Forecasting Opportunities

The previous post in this series, showed a way to identify trading opportunities. The approach I implemented used time series daily data to identify good entry points in terms of risk-reward. The natural next step is to try to make use of these opportunities using machine learning.

To refresh: the output of the previous post was a time series which had three possible states: short, none, long. Each state identified whether an opportunity for size-able return exists over the next few days. This was generated using data from the future. That’s the dependent variable.

What data shall we use for the independent variables, for the predictors? No idea. 🙂 To get something going, I decided to try a few features which might have some influence:

  • The returns of each of the last five days.
  • The returns over the last 252 (a year), 63 (a quarter), 21 (a month) and 5 (a week) days. This is the momentum, or the rate of change.
  • The channel position (as a fraction) over the last 252 (a year), 63 (a quarter), 21 (a month) and 5 (a week) days. In other words, take the min and the max over the period and compute where within the channel the last close is. For instance, if the last close is a new high, the value of this column is 1. A new low is 0.

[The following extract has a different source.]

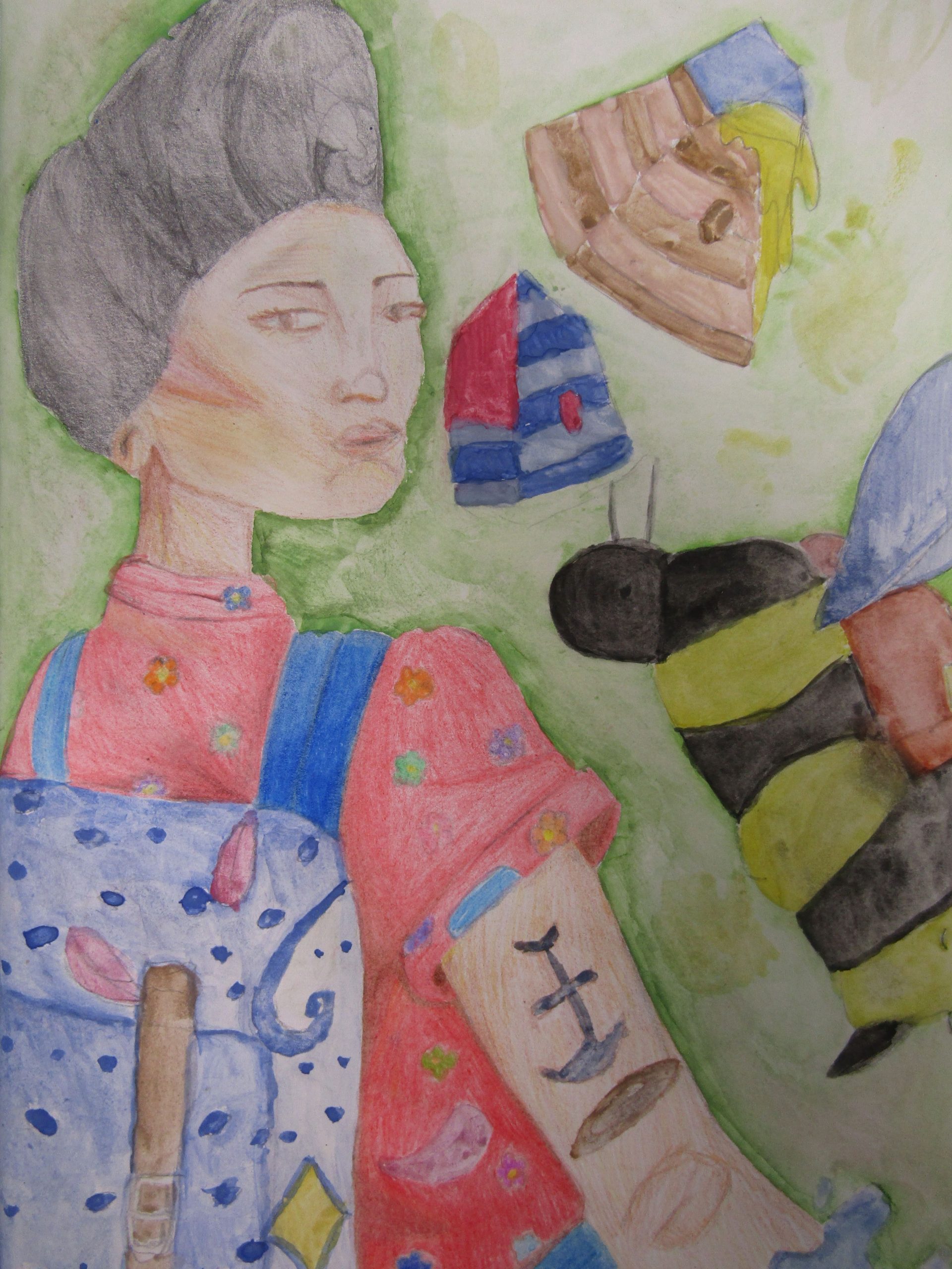 Coloured pencils, water colours, oils pastels and pen, 29cm x 21cm

All returns were normalized to daily, using an exponential moving average over the returns. For the people who understand code easier – he is pretty much the final version to build the features:

build.features = function(xx, days = 1:5, vola.len=35)
{
    stopifnot(has.Cl(xx))

    close = Cl(xx)

    rets = ROC(close, n = days[1], type = "discrete")
    arets = rets / sqrt(EMA(rets * rets, n = vola.len))
    # Subtract one because we want to align at the end of the day
    res = na.trim(lag.xts(arets, k=days[1]-1))

    colNames = c(paste(sep = "", days[1], "D_LAG"))
    for (nn in tail(days, -1))
    {
        res = merge(res, na.trim(lag.xts(arets, k=nn-1)), all = F)
        colNames = append(colNames, paste(sep = "", nn, "D_LAG"))
    }

    # Annual, quarterly, monthly and weekly:
    #   1. returns (normalized to daily)
    #   2. min/max channel position
    cc = c(252, 63, 21, 5)
    for (nn in cc)
    {
        # Compute the return
        rr = ROC(close, n = nn, type = "discrete")
        # Normalize to daily return
        rr = (1 + rr)^(1/nn) - 1
        # Normalize by volatility
        rr = rr / sqrt(EMA(rets * rets, n = vola.len))
        res = merge(res, na.trim(rr), all = F)
        colNames = append(colNames, paste0(nn, "D_RET"))

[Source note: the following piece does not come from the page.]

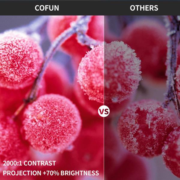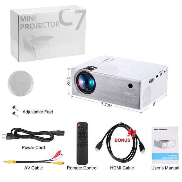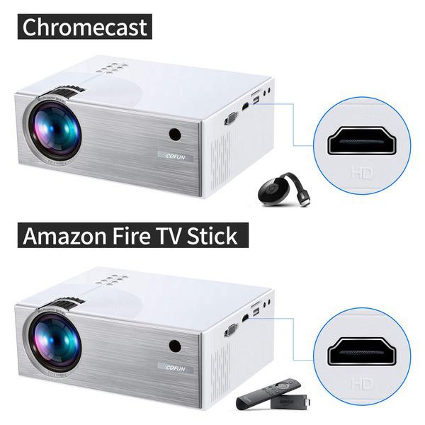 Make sure this fits by entering your model number. ►【SUPERIOR CLARITY AND CONTRAST】: COFUN Projector’s sharper and brighter images by 4.0” TFT LCD Display True 800*480Pixel. It Advanced Color by MStar. LED lighting +70% and sharper images +50% than ordinary projector. Supporting 1920x1080P, Contrast ratio 2000:1 which is the most ideal for home entertainment. Including home theater and gaming. Not recommend for PPT or office presentation purposes. ►【MULTIMEDIA VERSATILITY】: COFUN Projector support HDMI/USB/AV/VGA/3.5mm Headphone Jack , which allows you to use it with laptops/PC/TV Box/Chrome Book/Tablets/USB flash drives /iOS/Android (HDMI Cable included FREE). If your device doesn’t support HDMI there’s also USB/MHL connectivity. Note: Chromecast is supported. ►【BIG SCREEN HOME CINEMA PROJECTOR】: Supports 28 to 120 inches projection size with distance 3.0-11.6 feet. Easy to create a private home cinema, enjoy movies with your friends and families ! ►【FAN NOISE SUPPRESSION SYSTEM】: COFUN video projector has a newly-enhanced COOLING and FAN SYSTEM with heat dispersion, with noise suppression technology makes 50% QUIETER. It helps you enjoy more comfortable home theater. ►【3-YEAR WARRANTY】: COFUN Projector offer customers 3-YEAR WARRANTY with professional customer service & technical support. Our team will reply you soon 24/7. At COFUN, our goal is to deliver a enjoyable home theater and provide top quality service. If you are satisfied with your purchase and services provided, please do spare some time to share with other customers. It will be much helpful !

        res = merge(res, na.trim((close - runMin(close, n=nn))/(runMax(close, n=nn) - runMin(close, n=nn))), all=F)
        colNames = append(colNames, paste0(nn, "D_CHANNEL"))
    }

    res = reclass(res, xx)
    colnames(res) = colNames
    return(res)
}

Next, using my parallel framework based on the the caret package, I run a few machine learning methods: lda, qda, svm, xgb trees and a few others. Despite the parallelism, pretty much all algorithms took more than a day to finish for about six years of data on a single time series (I used heating oil back-adjusted futures).

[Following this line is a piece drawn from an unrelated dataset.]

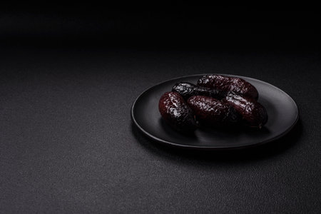 Delicious black blood sausage or black pudding with spices and herbs grilled on a black concrete background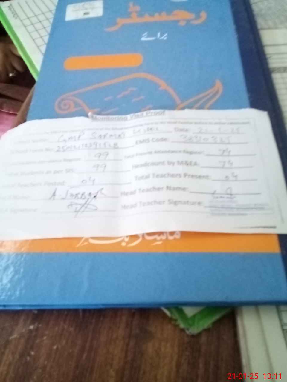 | EMIS Code: 38310325 | Name of School: GMPS SARMAT KHEL | |||

Unfortunately, time spent didn’t translate into meaningful results. The only algorithm which gave somewhat interesting forecasts was the qda. Everything else had pretty much flat, out of the market, forecast for all points. The reason could be that the opportunity series was generated using a conservative approach – only about 9% of the days were identified as opportunities.

The qda generated about 121 non-flat forecasts, a bit less than the actual. Out of these 121, 108 were wrong and 13 were spot-on. So why do I say that the method looks promising? The opportunities are generated in a way to guarantee that a certain profit target is achieved without hitting a smaller stop loss. For more details refer to the previous post in this series. If neither of these goals is achieved, we will exit the market after a specific number of days. Thus, we may still end up making money. That’s why it looks promising to me.

So what’s next? Not sure yet, but there are a few directions I can think of:

  • Improving the predictors
  • More sophisticated machine learning approach
  • Using history from multiple financial instruments for learning

Comments

  1. ntguardian says:

    Will you be giving a post on backtesting? Or have any resources for backtesting a simulated portfolio in R?

    1. quintuitive says:

      Not sure about that, but there are some resources/posts on this blog.